Excerpted records
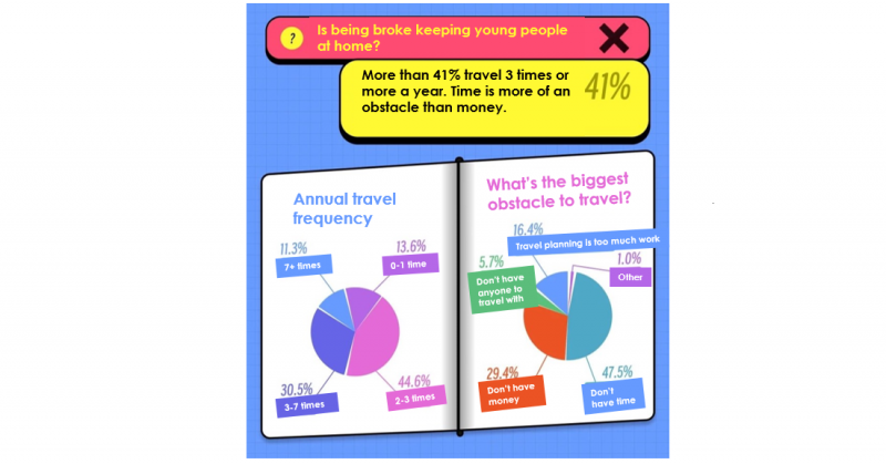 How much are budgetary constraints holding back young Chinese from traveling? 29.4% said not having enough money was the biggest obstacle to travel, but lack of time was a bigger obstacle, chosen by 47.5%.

==

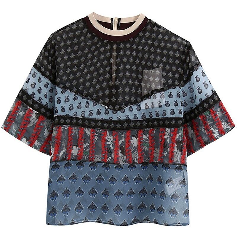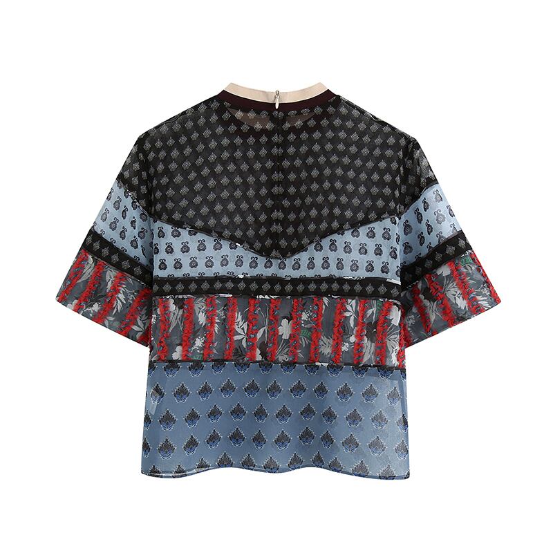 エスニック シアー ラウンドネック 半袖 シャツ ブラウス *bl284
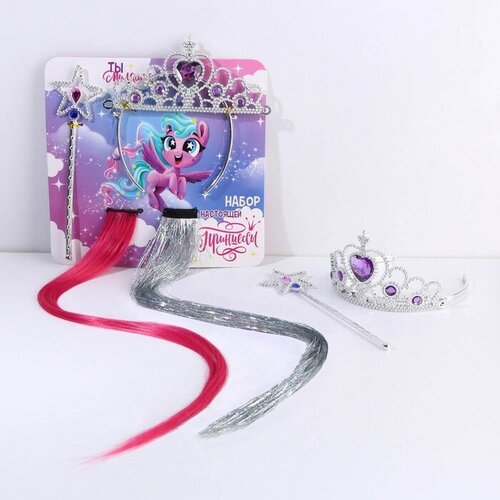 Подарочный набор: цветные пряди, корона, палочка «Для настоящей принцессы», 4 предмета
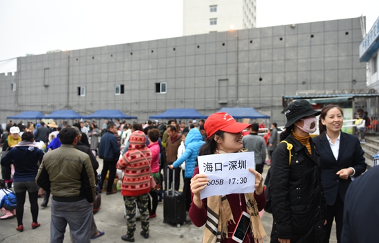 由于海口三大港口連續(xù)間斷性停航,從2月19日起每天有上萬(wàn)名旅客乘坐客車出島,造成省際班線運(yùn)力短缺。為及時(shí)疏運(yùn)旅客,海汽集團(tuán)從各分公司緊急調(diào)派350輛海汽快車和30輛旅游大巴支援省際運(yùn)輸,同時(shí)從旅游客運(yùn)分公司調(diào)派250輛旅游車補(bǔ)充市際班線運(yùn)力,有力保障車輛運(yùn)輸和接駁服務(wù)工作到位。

==

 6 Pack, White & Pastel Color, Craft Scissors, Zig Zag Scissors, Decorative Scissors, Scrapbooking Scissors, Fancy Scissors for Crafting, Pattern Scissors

What to do
In the records above, find the line with "Подарочный набор: цветные" and the line with "由于海口三大港口連續(xù)". Write out exactly those lines and every one between, with no pictures and no other lines.

Response area
 Подарочный набор: цветные пряди, корона, палочка «Для настоящей принцессы», 4 предмета
 由于海口三大港口連續(xù)間斷性停航,從2月19日起每天有上萬(wàn)名旅客乘坐客車出島,造成省際班線運(yùn)力短缺。為及時(shí)疏運(yùn)旅客,海汽集團(tuán)從各分公司緊急調(diào)派350輛海汽快車和30輛旅游大巴支援省際運(yùn)輸,同時(shí)從旅游客運(yùn)分公司調(diào)派250輛旅游車補(bǔ)充市際班線運(yùn)力,有力保障車輛運(yùn)輸和接駁服務(wù)工作到位。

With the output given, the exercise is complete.